Are thresholds for logistic regression models prevalence-specific?

Question

I wonder if thresholds for logistic regression models are prevalence-specific. I assume that they are, however, I am not sure about the basic statistical principles behind it and how to deal with the implications for clinical practice.

Example:

A hospital wants do deploy a logistic regression model to predict lymph node metastasis in prostate cancer patients. The model is recommended by a specialist society and widely accepted in the medical community.

For model development, a research group used a large dataset where the prevalence of lymph node metastasis was low (15%). They used a lab value (PSA) and age as predictors. After external validation with data from hospitals with similar prevalence (15 %), decision curve analysis and discussing the benefits and harms of the treatment the specialist society found a threshold probability of ≥0.10 appropriate regarding decision if a patient needs specific surgery (medically reasonable amount of true positive and false positive results).

Now the hospital is deploying the model in their surgery consultation-hour (expected prevalence of Patients with lymph node metastasis = 30%).

Questions:

Can they deploy the same threshold probability if they want to have similar true positive and false positive results?
If not, how should the model and/or threshold probability be adjusted (to get similar true positive and false positive results)?

What I already found on this topic:

An interresting blog about prevalence and probability, however, it does not answer my question regarding thresholds.

The Transparent Reporting of a multivariable prediction model for Individual Prognosis or Diagnosis (TRIPOD) statement (W17):

In general, models will be more generalizable when the case mix of the new population is within the case mix range of the development population (186).
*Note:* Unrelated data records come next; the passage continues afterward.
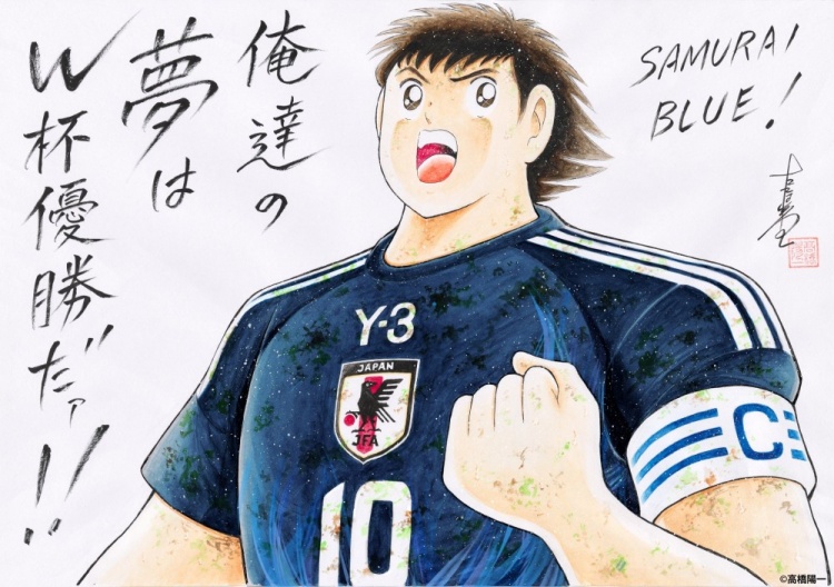 日本隊(duì)官推曬出了一張由《足球小將》作者高橋陽一手繪的大空翼海報(bào),文字內(nèi)容為:“藍(lán)武士!我們的夢想是世界杯冠軍!”
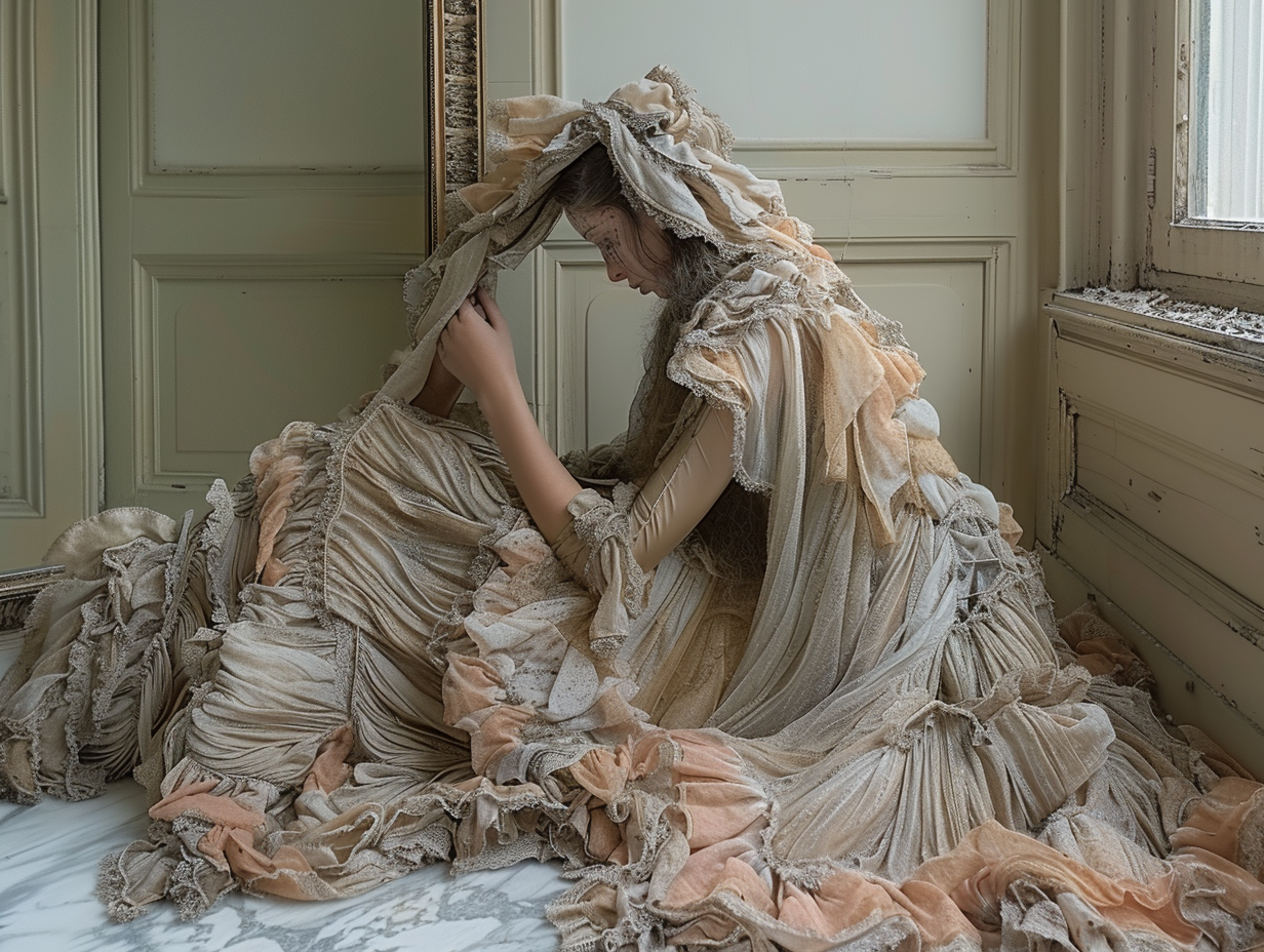 In einem leeren Raum, dessen Wände von den Narben der Zeit gezeichnet sind, sitzt eine Gestalt, umgeben von der Asche eines vergangenen Glanzes. Dies ist der Augenblick, in dem das Märchen von Aschenputtel in seine stille, ungeschminkte Wahrheit übergeht. Die Linse blickt nicht in ein Gesicht, das nach Erlösung sucht, sondern auf die Silhouette einer Seele, deren Kleid, einst eine Verheißung von Seide und Anmut, nun im Staub und in der Melancholie einer verlorenen Nacht zerfällt. Es ist ein Voyeur-Blick in die verlassenen Reste einer Geschichte, die nie stattfand.
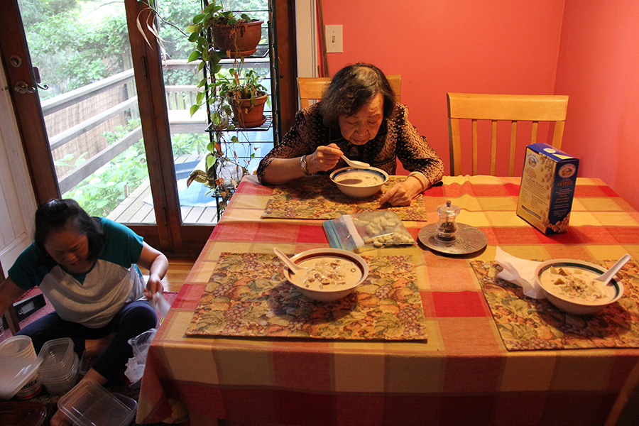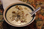 my mother brought my grandmother over around lunchtime so she could take a bath and have some homemade clam chowder for lunch. i don't think my chowder is particularly good - too watery - but my grandmother seems to like it,

However, as we describe under item 10e (see also Box C and Table 3), one may adjust or update a previously developed prediction model that is applied in another setting to the local circumstances of the new setting to improve the model transportability.

from W17 Table 3:

Updating Method: Adjustment of the intercept(baseline risk/hazard)

Reason for Updating: Difference in the outcome frequency (prevalence or incidence) between development and validation sample

Reproducible Example in R:

#library
library(tidyverse)
library(rmda)

# train data (prevalence= 15%)
train <- tibble(id=1:1000,
                    class=c(rep(1,150),rep(0,850)))

set.seed(1)
train %>% 
  group_by(id) %>% 
  mutate(
  PSA=case_when(class==1 ~ runif(1,1,100),TRUE ~ runif(1,1,40)),
  Age=case_when(class==1 ~ runif(1,30,80),TRUE  ~runif(1,30,60))) -> d.train
  

# test data same prevalence (15%)
test <- tibble(id=1:1000,
                class=c(rep(1,150),rep(0,850)))

set.seed(23)
test %>% 
  group_by(id) %>% 
  mutate(
    PSA=case_when(class==1 ~ runif(1,1,100),TRUE ~ runif(1,1,50)),
    Age=case_when(class==1 ~ runif(1,30,80),TRUE  ~runif(1,25,60))) -> d.test_same_prev



# test data high prevalence (30%)
test1 <- tibble(id=1:1000,
               class=c(rep(1,350),rep(0,650)))

set.seed(123)
test1 %>% 
  group_by(id) %>% 
  mutate(
    PSA=case_when(class==1 ~ runif(1,1,100),TRUE ~ runif(1,1,50)),
    Age=case_when(class==1 ~ runif(1,30,80),TRUE  ~runif(1,25,60))) -> d.test_higher_prev


# train logistic regression model
glm(class ~ Age+PSA, data=d.train,family = binomial) -> model


# make predictions in cohort with same prevalence
predict(model,d.test_same_prev, type="response") -> preds1
plot(preds1)

# make predictions in cohort with high prevalence
predict(model,d.test_higher_prev, type="response") -> preds2
plot(preds2)



# decision curve analysis same prevalence
d.dca.same <- data.frame(reference=d.test_same_prev$class,predictor=preds1)

dca.same <-decision_curve(reference ~predictor,d.dca.same,fitted.risk=TRUE, bootstraps = 10)

plot_decision_curve(dca.same,confidence.intervals=FALSE)



# decision curve analysis high prevalence
d.dca.high <- data.frame(reference=d.test_higher_prev$class,predictor=preds2)

dca.high <-decision_curve(reference ~predictor,d.dca.high,fitted.risk=TRUE, bootstraps = 10)

plot_decision_curve(dca.high,confidence.intervals=FALSE)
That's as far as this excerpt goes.